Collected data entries
····················
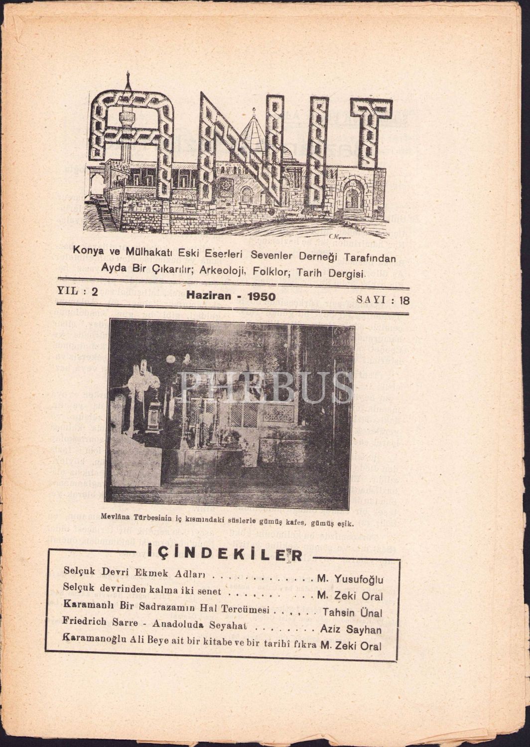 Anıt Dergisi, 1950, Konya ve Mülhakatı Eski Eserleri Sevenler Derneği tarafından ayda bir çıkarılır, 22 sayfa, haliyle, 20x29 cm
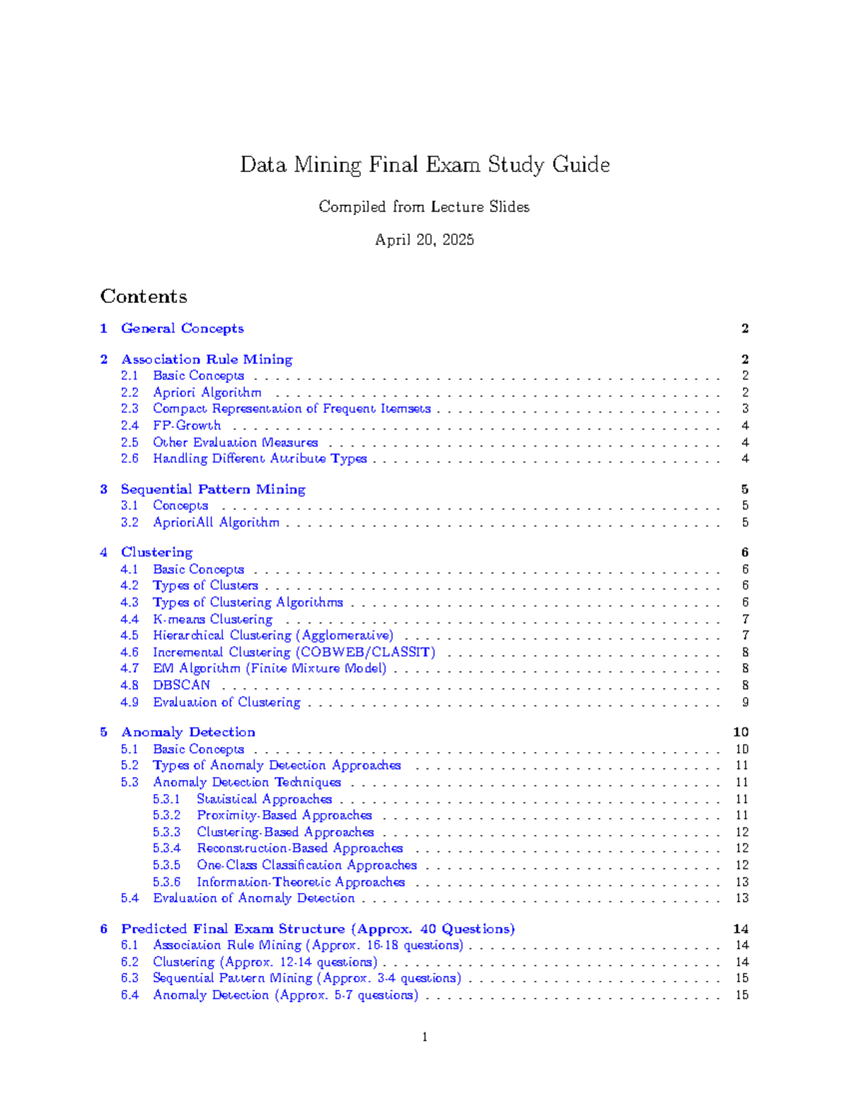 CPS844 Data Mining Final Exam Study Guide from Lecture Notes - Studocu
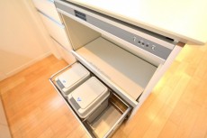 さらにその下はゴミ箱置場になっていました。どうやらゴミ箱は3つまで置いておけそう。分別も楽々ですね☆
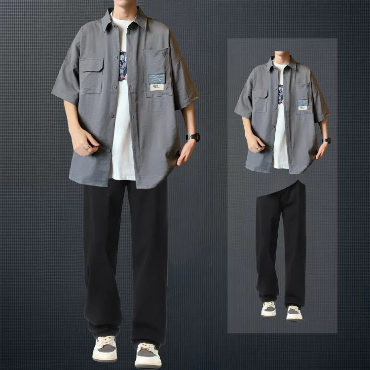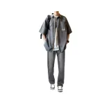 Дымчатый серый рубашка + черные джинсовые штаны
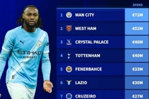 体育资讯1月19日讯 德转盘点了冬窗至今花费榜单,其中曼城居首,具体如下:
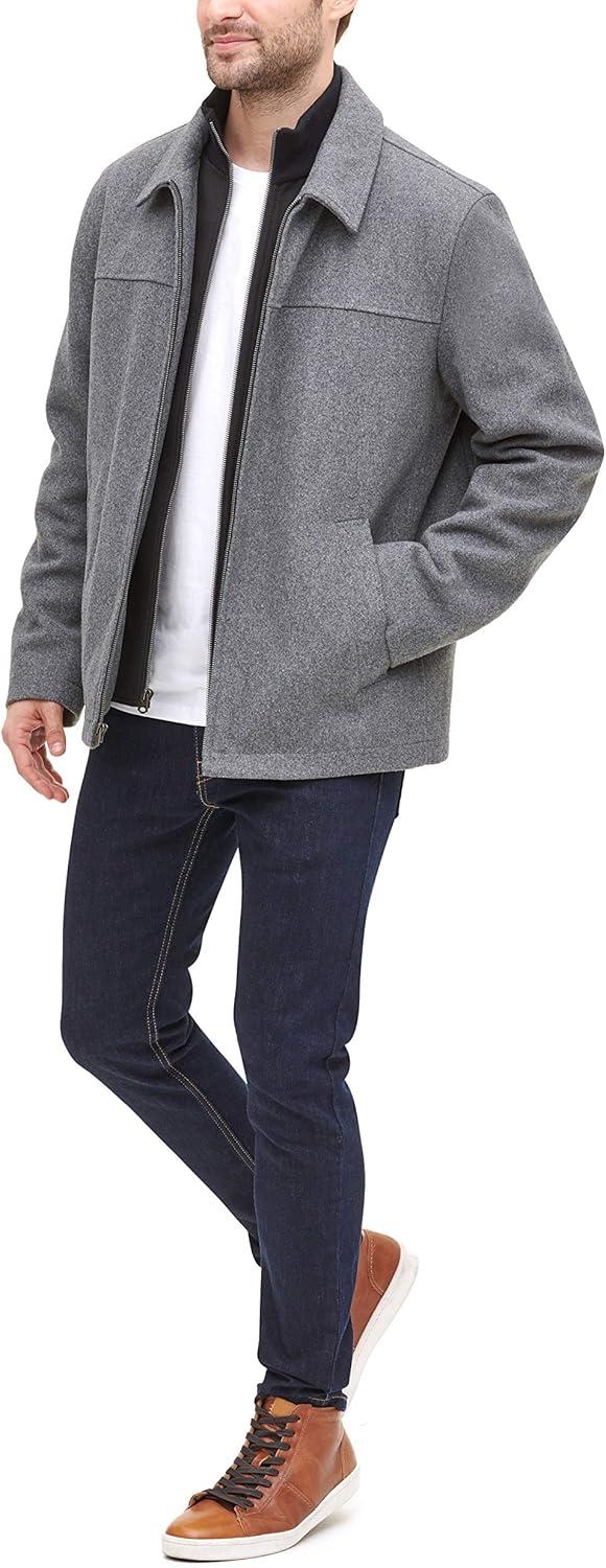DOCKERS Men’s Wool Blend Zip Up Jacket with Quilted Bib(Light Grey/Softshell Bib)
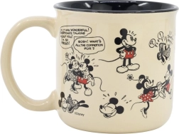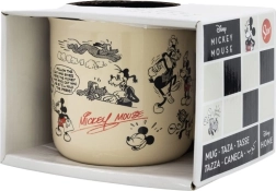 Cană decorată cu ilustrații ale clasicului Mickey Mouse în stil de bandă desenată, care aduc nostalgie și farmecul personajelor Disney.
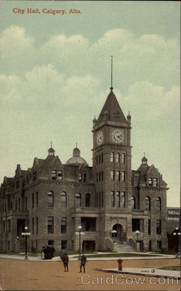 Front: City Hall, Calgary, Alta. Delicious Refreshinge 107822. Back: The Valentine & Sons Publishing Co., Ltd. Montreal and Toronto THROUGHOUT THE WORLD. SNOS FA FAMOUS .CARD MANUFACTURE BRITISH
····················
Quote the records above exactly, leaving out any pictures.

**Task answer**
 Anıt Dergisi, 1950, Konya ve Mülhakatı Eski Eserleri Sevenler Derneği tarafından ayda bir çıkarılır, 22 sayfa, haliyle, 20x29 cm
 CPS844 Data Mining Final Exam Study Guide from Lecture Notes - Studocu
 さらにその下はゴミ箱置場になっていました。どうやらゴミ箱は3つまで置いておけそう。分別も楽々ですね☆
 Дымчатый серый рубашка + черные джинсовые штаны
 体育资讯1月19日讯 德转盘点了冬窗至今花费榜单,其中曼城居首,具体如下:
DOCKERS Men’s Wool Blend Zip Up Jacket with Quilted Bib(Light Grey/Softshell Bib)
 Cană decorată cu ilustrații ale clasicului Mickey Mouse în stil de bandă desenată, care aduc nostalgie și farmecul personajelor Disney.
 Front: City Hall, Calgary, Alta. Delicious Refreshinge 107822. Back: The Valentine & Sons Publishing Co., Ltd. Montreal and Toronto THROUGHOUT THE WORLD. SNOS FA FAMOUS .CARD MANUFACTURE BRITISH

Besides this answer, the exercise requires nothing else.